▶ _Exercise aim_
A copy of the listing below is needed, exact in every line and without images.

▶ _Available data_
**********

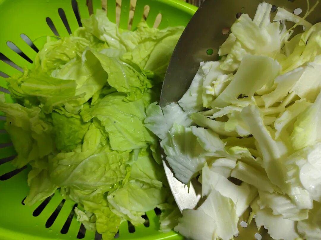 第一步,把食材给准备好。喜欢吃肉的可以多放,白菜建议用叶多点的更好吃
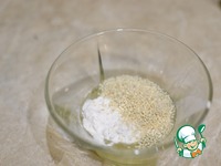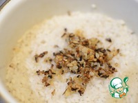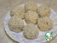 Белок, 1ст. ложку кунжута и крахмал, слегка взбить, добавить к рису, тщательно перемешать |
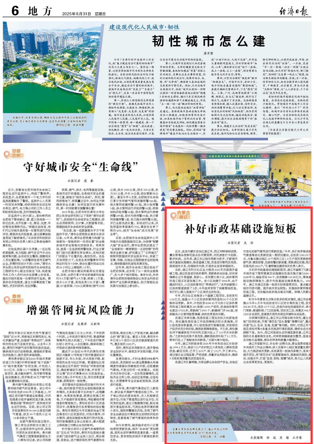 2025年8月31日,《經(jīng)濟(jì)日?qǐng)?bào)》第6版刊發(fā)題為《補(bǔ)好市政基礎(chǔ)設(shè)施短板》的文章,報(bào)道了近年來(lái),通遼市以城市更新為抓手,不斷提升城市基礎(chǔ)設(shè)施建設(shè),推進(jìn)溫暖工程,改造老舊管網(wǎng)及危房,疏浚城市水系,治理城市內(nèi)澇,打造安全宜居幸福城市。
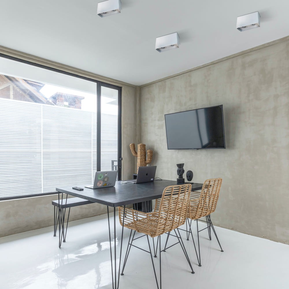 Foco de techo con dos luces basculantes, para bombillas GU10. Sencilla instalación en superficie con reemplazo de la bombilla por la parte delantera. Fabricado en aluminio con acabado blanco mate texturizado.

**********

▶ _Task solution_
 第一步,把食材给准备好。喜欢吃肉的可以多放,白菜建议用叶多点的更好吃
 Белок, 1ст. ложку кунжута и крахмал, слегка взбить, добавить к рису, тщательно перемешать |
 2025年8月31日,《經(jīng)濟(jì)日?qǐng)?bào)》第6版刊發(fā)題為《補(bǔ)好市政基礎(chǔ)設(shè)施短板》的文章,報(bào)道了近年來(lái),通遼市以城市更新為抓手,不斷提升城市基礎(chǔ)設(shè)施建設(shè),推進(jìn)溫暖工程,改造老舊管網(wǎng)及危房,疏浚城市水系,治理城市內(nèi)澇,打造安全宜居幸福城市。
 Foco de techo con dos luces basculantes, para bombillas GU10. Sencilla instalación en superficie con reemplazo de la bombilla por la parte delantera. Fabricado en aluminio con acabado blanco mate texturizado.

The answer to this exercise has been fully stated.